There's one more detail that calls for a workaround. For now, Avatar 5 doesn't work over the API — that is, the interface programs use to connect to each other automatically. Only Avatar 3 and 4 are available there. The solution: Claude Code generates material in Avatar 4 over the API, while a separate script (built on Playwright, a tool that clicks around a browser the way a human would) opens the HeyGen panel and switches the version to the fifth. It's a temporary workaround — once Avatar 5 reaches the API, it goes away.

What Remotion does

The last stage is editing. Remotion is given a background and a graphics style, then assembles the recordings on its own, transcribes them (turning speech into text with precise timestamps) and, on that basis, drops captions and animations in at the right seconds. Since it knows a given word was spoken at the forty-fourth second, that's exactly where it fires the animation. That's how the audio lines up with the graphics.

This whole run — from script to finished video — can be kicked off in the evening and collected in the morning. A process that once needed a camera operator, an editor and a voice artist turns into a task done overnight.

What actually changes

Three conclusions come out of this setup. First: the avatar has crossed the so-called uncanny valley — the point at which an artificial figure already looks believable enough not to jar. Second: a single agent can run the whole production — pull the voice, cut the audio, hand it to HeyGen, assemble it in Remotion. Third, and most important: the bottleneck has shifted away from recording and editing toward what the machine won't do — the idea, the script and the strategy. The human stays where they matter most.

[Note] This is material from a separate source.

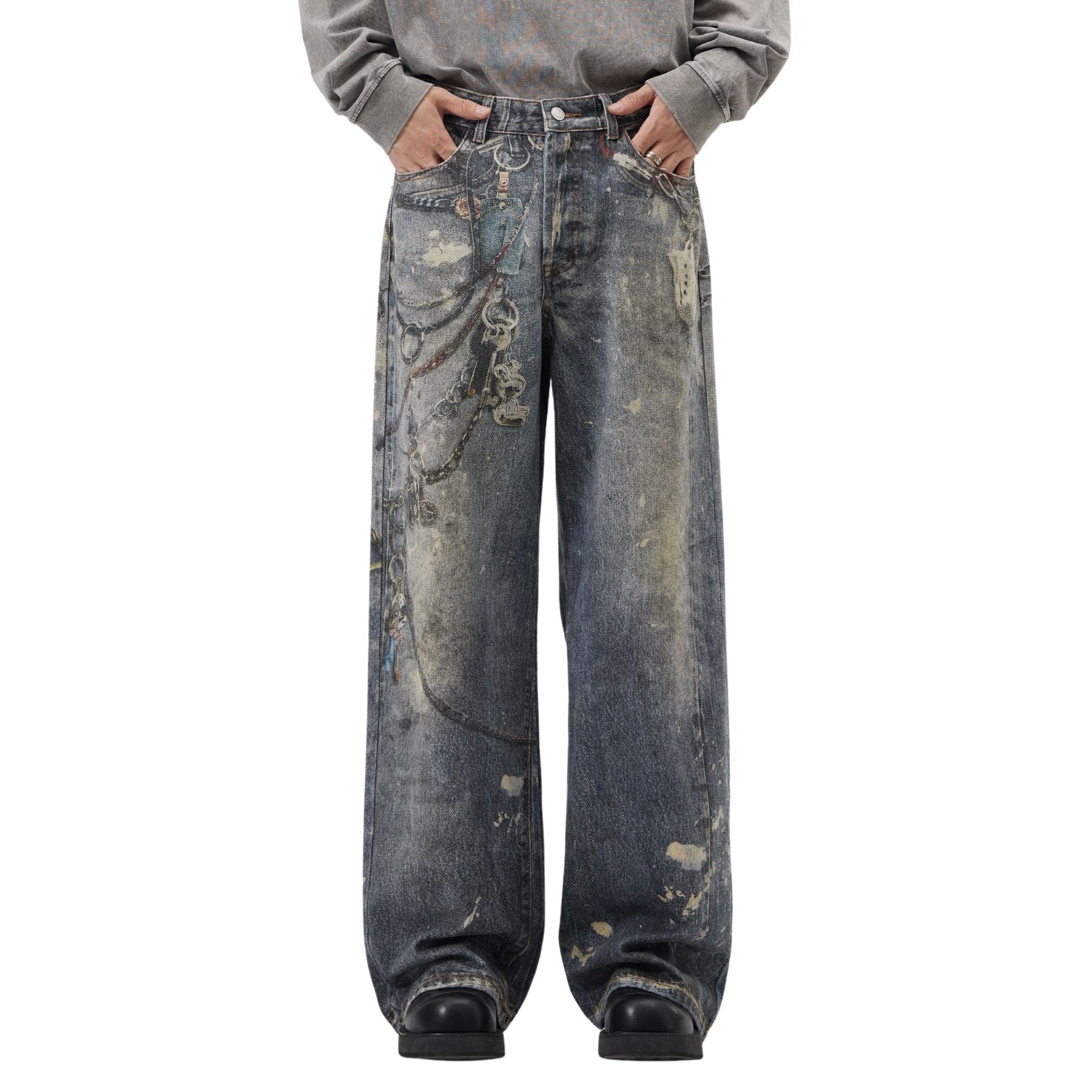 - Baggy jeans in faded denim with allover street print

It's worth tallying the costs, because they aren't low. A HeyGen plan runs about $30 a month, ElevenLabs about $22 (roughly a hundred minutes of material), Claude Code from $20 to $200. HeyGen over the API is billed separately: each one-minute fragment is about four dollars, so a ten-minute video comes to close to fifty. For comparison: a freelance editor costs $35–75 an hour, a ten-minute piece can run up to $300, and a studio plus a professional voice artist push the bill into the thousands. (The figures are ballpark; tool prices change — it's worth checking the current ones.)

On the left a tangled gray knot of lines, on the right one clean luminous path running from green to blue toward a goal — the contrast between manual work and an agent-driven flow.
On the left a tangled gray knot of lines, on the right one clean luminous path running from green to blue toward a goal — the contrast between manual work and an agent-driven flow.

Three honest caveats

To finish, three doubts that suggest themselves. "It's artificial, inauthentic" — partly fair, but when the script, the voice and the face are yours, the only thing missing is physical presence in front of a camera. "It'll flood the web with junk" — junk is piling up anyway, and removing the production bottleneck only sharpens the competition: the better idea wins, because weak content with a good avatar is still weak content. "It'll take editors' jobs" — it changes them, more likely; the edge goes to whoever adds their own knowledge of the subject to the tool.

And one sober note to close on: this isn't a setup that works "from the first click." Behind the finished result sit more than a hundred, maybe two hundred generated clips and a fair amount of fiddling with settings. The tools shorten production, but getting to a good result still takes patience and a few rounds of fixes.